Max Tivoli is a person who was born at 1871 with the appearance of a 70 year old. He was expected and calculated by his mother to die at 1941, exactly 70 years later. This seems to be a strange experience right?
Max certainly try live his life as normally as he can, but under a rule: “Be what they think you are.”
He met his best friend, Hugie when he was six years old, and the love of his life, Alice when he 16 years old. All the while, his body ages backwards, and his appearance younger with each passing year. Unfortunately, as he tried to justify his age and actions – things happen and it makes the reader understand the folly of how short life is.
He eventually marries Alice under a different name, and when the truth was revealed, Alice leaves him, bearing a son.

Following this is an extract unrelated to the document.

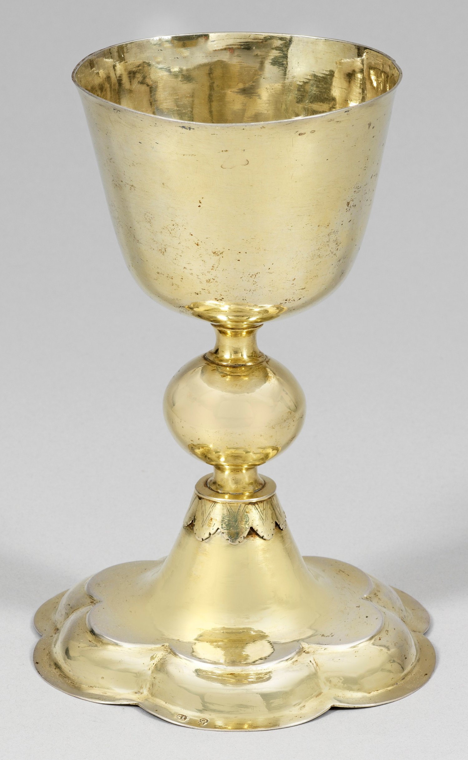 Silber, voll vergoldet. Blütenförmig geschweifter und gewölbter Stand. Kurzer, am Ansatz von stilisiertem Blattring umzogener und von einem großen, kugelförmigen Nodus gegliederter Schaft. Konische, hohe Kuppa mit glatter Wandung und gering ausschwingendem Lippenrand. Auf der Unterseite des Standrings die umlaufende, gravierte Inschrift "Iussu Illustriss. Com. Dni. Caroli Ludovici et Dni. Ioh. Friderici de Hohenlohe: Fratr. Ranouatus et amplior Fatus Anno 1704" sowie "Mens: Gbr. Wigt 26 Loth 1/4". Kupparand besch.; Gest., Beschauzeichen, Johann Conrad Schmetz (erwähnt um ca. 1730). Gew. ca. 380 g. H. 20,6 cm.
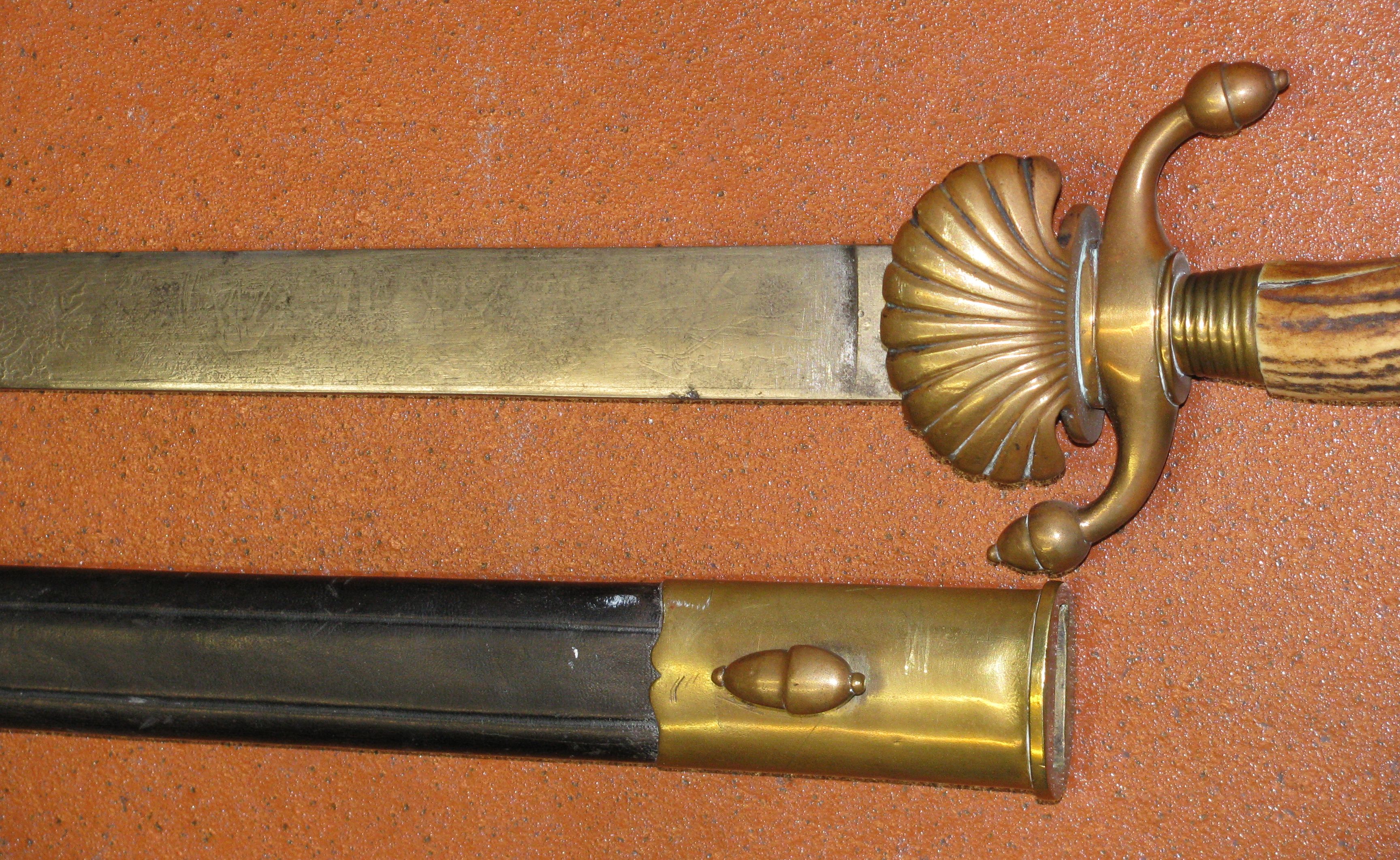 Zum Verkauf kommt ein älterer Hirschfänger mit Lederscheide

Later when Max finds Hugie as an older man. They pose as father and son, and visits Alice. However Hugie soon dies, and in the end, with an ending that is similar to Invisible Man by Ralph Waldo Ellison – it shows Max Tivoli accepting his life, and the story is concluded on a feeling and reflection of where it all began; similar to a circle.
This book is written in first person with Max as narrator, trying to write his life’s story before he gets too young to tell anyone his story. This book has employs flash back, and has rich descriptions of historical events and of various experience.
I truly pity Max as a character, but would recommend this as a book people who would want to read a serious historical fiction novel.